CONCLUSION AND FUTURE WORK
This research article assesses the groundwater quality for classifying water samples as safe or unsafe as per the guidelines laid by the WHO in Varanasi district of Uttar Pradesh state of India. Arsenic is a known carcinogen that affects the health of humans and animals. Based on the findings of this study, major geochemical parameters responsible for the occurrence of arsenic are found. Moreover, based on the overall performance of Optimized Forest, a machine learning model is created for the classification of water samples as safe or unsafe. The model approximates 2,430,363 people prone to arsenic poisoning. Based on model accuracy and population of the study area, the carcinogenic and non-carcinogenic risk are assessed. To counter the poisoning of arsenic in the study area, there is a need for continuous surveillance and monitoring of water quality. Moreover, various infrastructures need to be developed in the worst-affected regions of the study area.
In the future, we will continue an emphasis on the inclusion of other vital parameters like geology, soil parameters, land use land cover, topography, minerals, temperature, precipitation, hydrology, aquifers connectivity, hydrostratigraph along with water parameters for the creation of a machine learning model that is robust and accurate for a broader study area.
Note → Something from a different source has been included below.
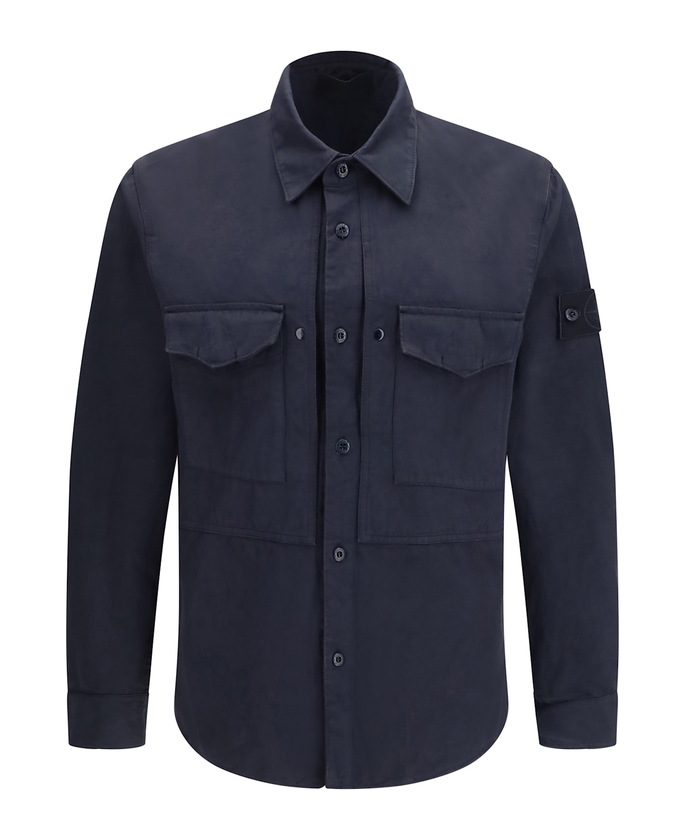 The garment-dyed cotton and linen overshirt by stone island delivers a functional and contemporary take on casual dressing. crafted from a cotton and linen blend, it features a lightweight yet structured construction designed for versatile everyday wear. patch chest pockets, a button-front closure and buttoned cuffs underline its utilitarian character. the garment-dyed finish adds depth and a lived-in look to the fabric, while the iconic stone island sleeve patch provides a distinctive and recognizable signature.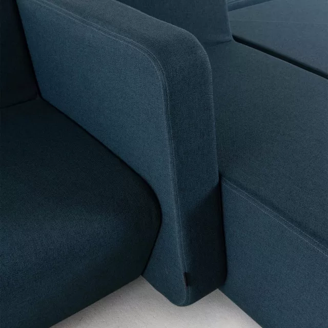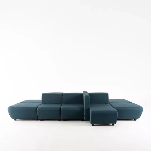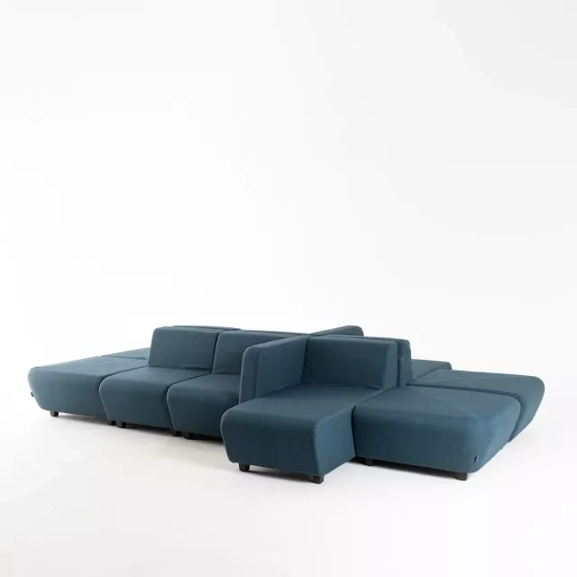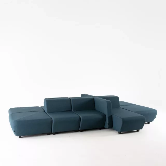 Denne store modulsofa fra Narbutas er brugt og fuldt polstret i et blåt stof. Den passer til virksomhedslounger, receptioner og pausezoner, hvor generøs siddekapacitet og tydelig zoneopdeling er ønskværdige.

DECLARATION OF COMPETING INTEREST
This is to certify that the authors are not affiliated with or involved with any organization or entity with any financial interest or non-financial interest in the subject matter or materials discussed in this paper.
ACKNOWLEDGEMENTS
The author would like to acknowledge the fellowship provided by the University Grant Commission (UGC), New Delhi, in the form of Junior Research Fellowship (JRF) and Senior Research Fellowship (SRF), to conduct this research.
DATA AVAILABILITY STATEMENT
All relevant data are included in the paper or its Supplementary Information.